ERA runs one of the world’s largest, longest-running AI safety and governance talent programmes in the world. We are a talent organisation founded by Cambridge alumni, and based at Cambridge, UK, with strong ties to the University of Cambridge. We support researchers and entrepreneurs working to mitigate risks from frontier AI. So far, ERA’s mission has been largely manifested through our annual ERA:AI fellowship programme.

In 2025, we ran a Summer ERA:AI Research Fellowship, hosted 30+ speakers & workshops over the 8 weeks, ran a Technical AI Governance Forum, and co-organised the 2025 Vegas AI Security Forum. You can see some of our past research here. Over the past 5 years, we have supported over 120 early-career researchers from 10+ countries through our research fellowship and conferences, leading to high counterfactual impact on their careers. We provide our fellows with mentorship from organisations such as UK AISI, CAISI, RAND, GovAI, Google Deepmind etc., and our alumni have gone on to lead work at impactful institutions in this space. 
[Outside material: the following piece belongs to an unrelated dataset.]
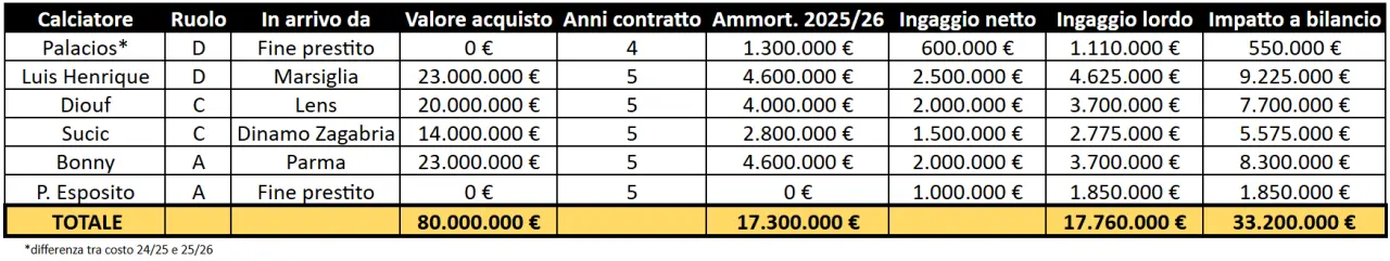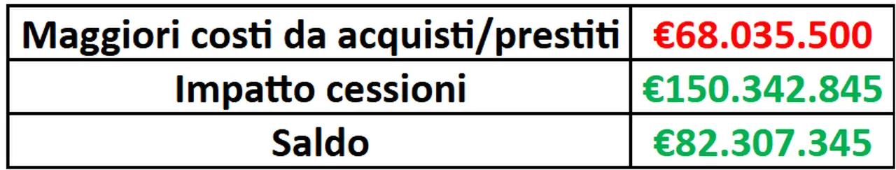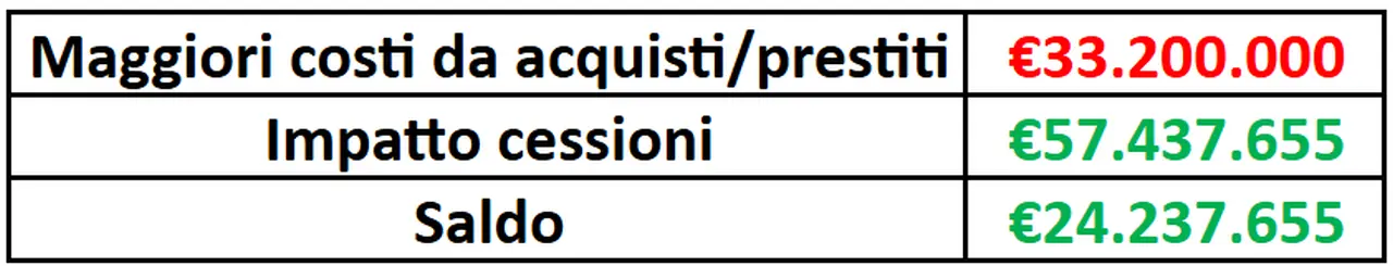 Invece le operazioni in uscita, e il prestito di Valentin Carboni, dovrebbero avere un impatto positivo per circa 57,4 milioni sul bilancio 25/26.

The Cambridge Biosecurity Hub (CBH) is a team of researchers investigating and raising awareness of the risks associated with rapidly developing biotechnologies. We help people learn more about biosecurity and impactful career pathways into AIxBio, while building a supportive community for those working to reduce pandemic risk.
CBH has run a number of projects, including 'Biosecurity Fundamentals' reading groups, an 8-week speaker series, and biosecurity research sprints.

Our largest event to date was the inaugural Cambridge Pandemic Prevention Symposium on October 7, 2024, which brought together over 100 attendees, including experts, academics, and industry professionals from across the UK, for discussions spanning key areas in pandemic policy and technical interventions.